Exercise materials -
--*--
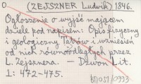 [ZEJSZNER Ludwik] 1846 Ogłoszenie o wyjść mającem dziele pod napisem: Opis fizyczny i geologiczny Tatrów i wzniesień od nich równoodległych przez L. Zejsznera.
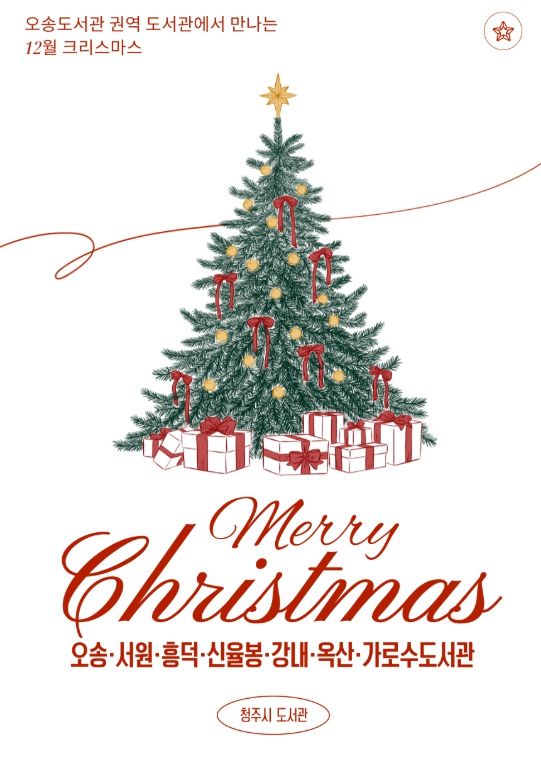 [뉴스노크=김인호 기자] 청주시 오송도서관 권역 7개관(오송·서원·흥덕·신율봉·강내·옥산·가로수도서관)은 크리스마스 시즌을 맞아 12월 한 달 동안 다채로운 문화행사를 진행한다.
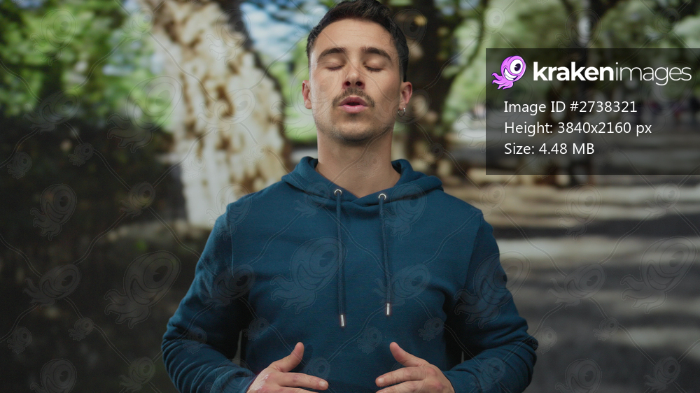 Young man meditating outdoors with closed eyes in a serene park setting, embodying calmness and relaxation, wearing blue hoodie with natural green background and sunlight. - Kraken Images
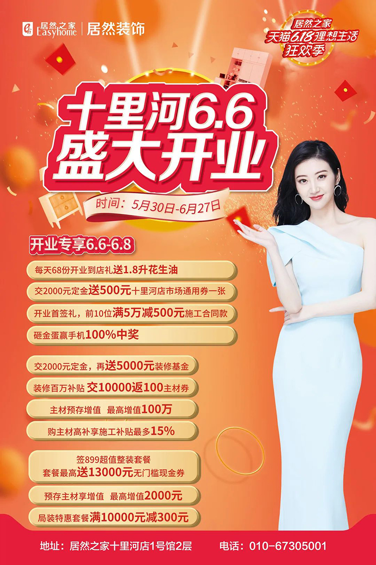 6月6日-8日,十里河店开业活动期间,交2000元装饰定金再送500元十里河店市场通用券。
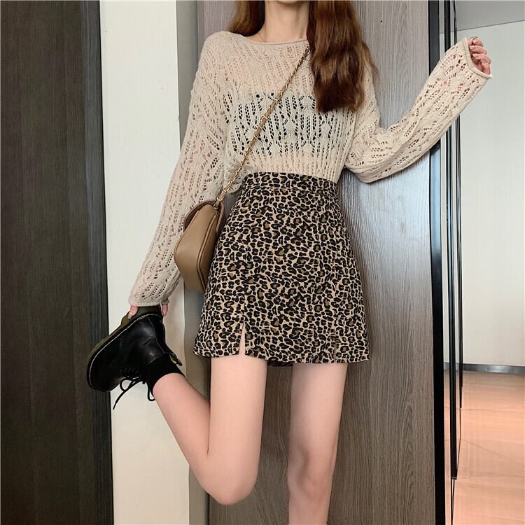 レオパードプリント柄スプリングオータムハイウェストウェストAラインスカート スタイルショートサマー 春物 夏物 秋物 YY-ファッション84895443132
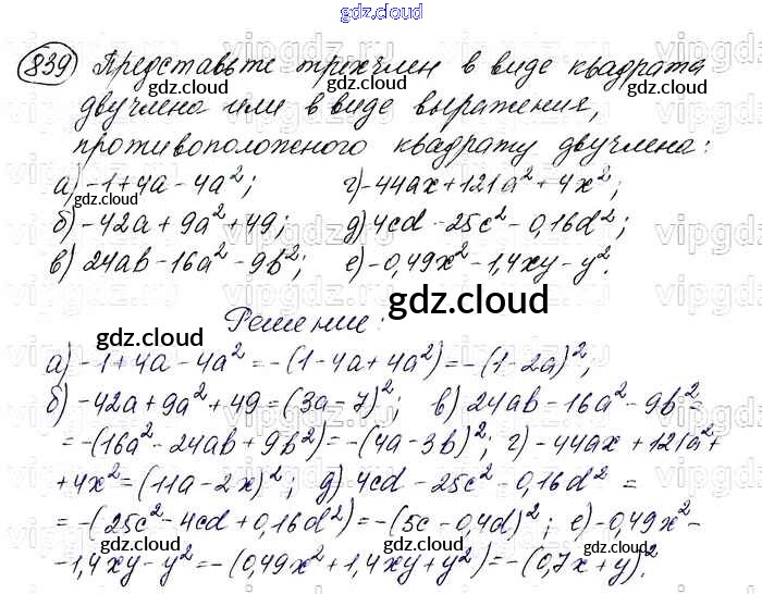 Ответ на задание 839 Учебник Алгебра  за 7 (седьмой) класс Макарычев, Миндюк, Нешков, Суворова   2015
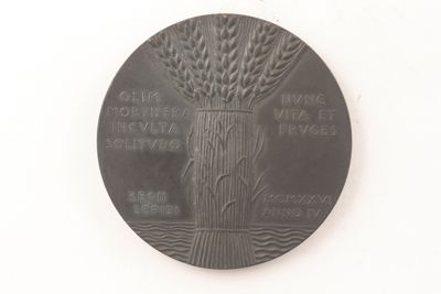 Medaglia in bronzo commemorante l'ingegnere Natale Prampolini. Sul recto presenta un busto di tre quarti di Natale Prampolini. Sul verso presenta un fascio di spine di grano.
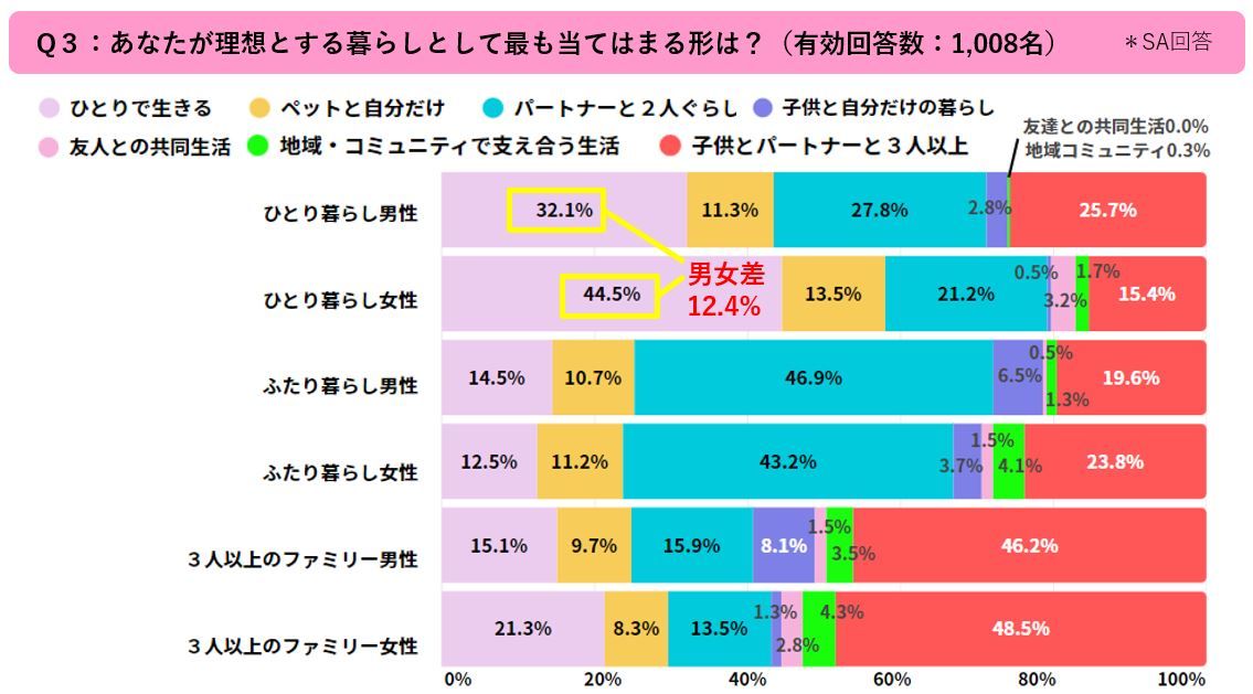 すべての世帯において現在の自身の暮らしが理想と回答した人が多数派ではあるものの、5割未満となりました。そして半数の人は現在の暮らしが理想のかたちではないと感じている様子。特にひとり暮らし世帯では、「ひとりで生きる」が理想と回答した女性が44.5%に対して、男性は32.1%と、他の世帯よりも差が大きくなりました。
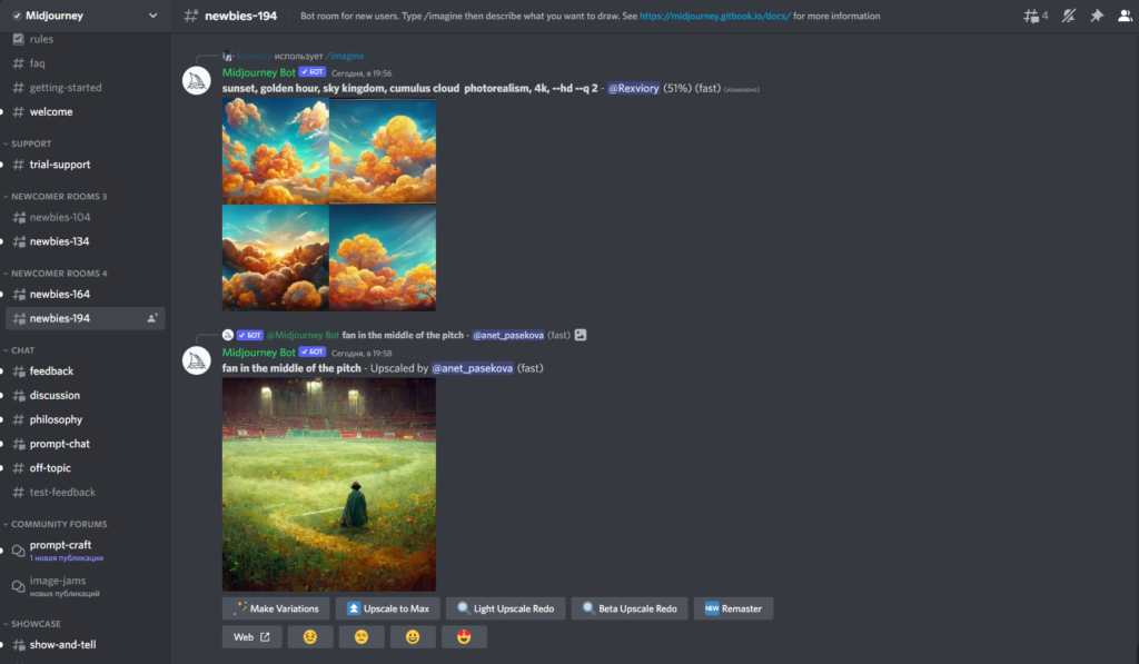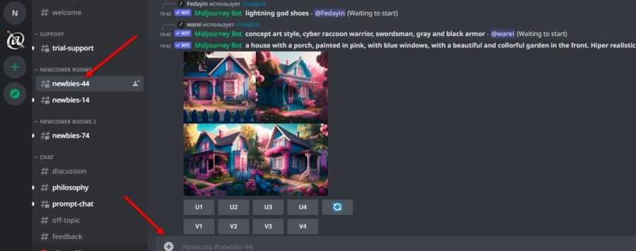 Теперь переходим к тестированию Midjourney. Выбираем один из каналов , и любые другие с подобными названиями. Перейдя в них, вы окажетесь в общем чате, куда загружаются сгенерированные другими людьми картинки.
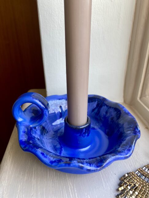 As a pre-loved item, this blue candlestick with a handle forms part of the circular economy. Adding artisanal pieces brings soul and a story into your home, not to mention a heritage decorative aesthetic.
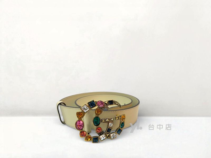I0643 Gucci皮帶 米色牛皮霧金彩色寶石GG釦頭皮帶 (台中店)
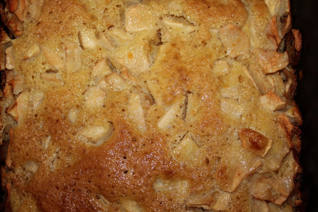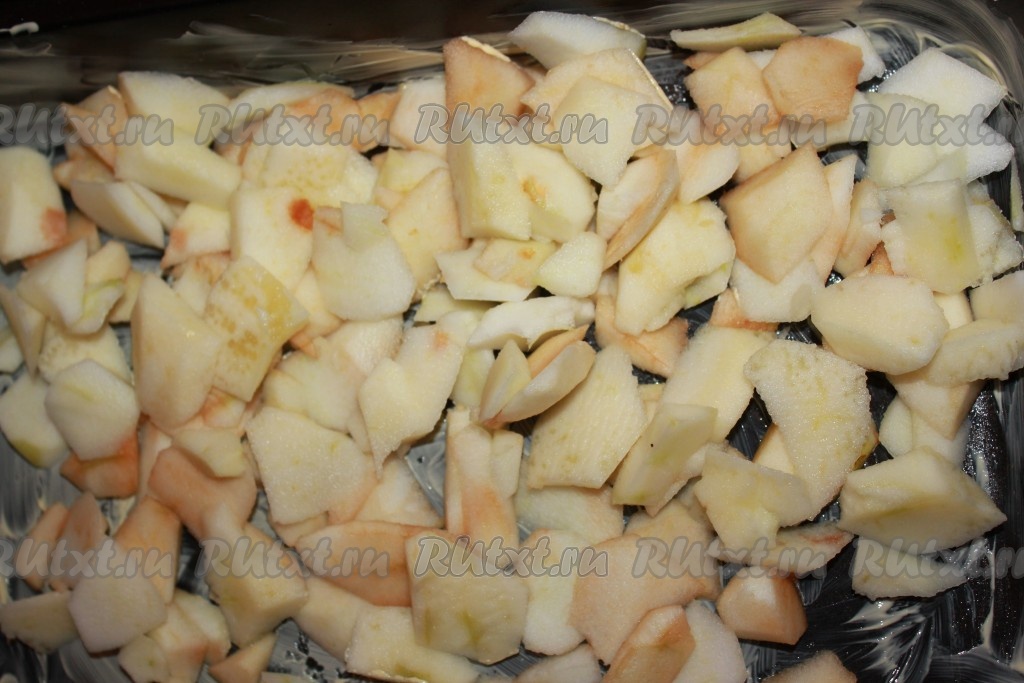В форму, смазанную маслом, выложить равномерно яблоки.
--*--
Exercise requirements - Give exactly the lines above that run from the line with "[뉴스노크=김인호 기자] 청주시" to the line with "I0643 Gucci皮帶 米色牛皮霧金彩色寶石GG釦頭皮帶 (台中店)", both included, leaving every picture out.

Reply -
 [뉴스노크=김인호 기자] 청주시 오송도서관 권역 7개관(오송·서원·흥덕·신율봉·강내·옥산·가로수도서관)은 크리스마스 시즌을 맞아 12월 한 달 동안 다채로운 문화행사를 진행한다.
 Young man meditating outdoors with closed eyes in a serene park setting, embodying calmness and relaxation, wearing blue hoodie with natural green background and sunlight. - Kraken Images
 6月6日-8日,十里河店开业活动期间,交2000元装饰定金再送500元十里河店市场通用券。
 レオパードプリント柄スプリングオータムハイウェストウェストAラインスカート スタイルショートサマー 春物 夏物 秋物 YY-ファッション84895443132
 Ответ на задание 839 Учебник Алгебра  за 7 (седьмой) класс Макарычев, Миндюк, Нешков, Суворова   2015
 Medaglia in bronzo commemorante l'ingegnere Natale Prampolini. Sul recto presenta un busto di tre quarti di Natale Prampolini. Sul verso presenta un fascio di spine di grano.
 すべての世帯において現在の自身の暮らしが理想と回答した人が多数派ではあるものの、5割未満となりました。そして半数の人は現在の暮らしが理想のかたちではないと感じている様子。特にひとり暮らし世帯では、「ひとりで生きる」が理想と回答した女性が44.5%に対して、男性は32.1%と、他の世帯よりも差が大きくなりました。
 Теперь переходим к тестированию Midjourney. Выбираем один из каналов , и любые другие с подобными названиями. Перейдя в них, вы окажетесь в общем чате, куда загружаются сгенерированные другими людьми картинки.
 As a pre-loved item, this blue candlestick with a handle forms part of the circular economy. Adding artisanal pieces brings soul and a story into your home, not to mention a heritage decorative aesthetic.
I0643 Gucci皮帶 米色牛皮霧金彩色寶石GG釦頭皮帶 (台中店)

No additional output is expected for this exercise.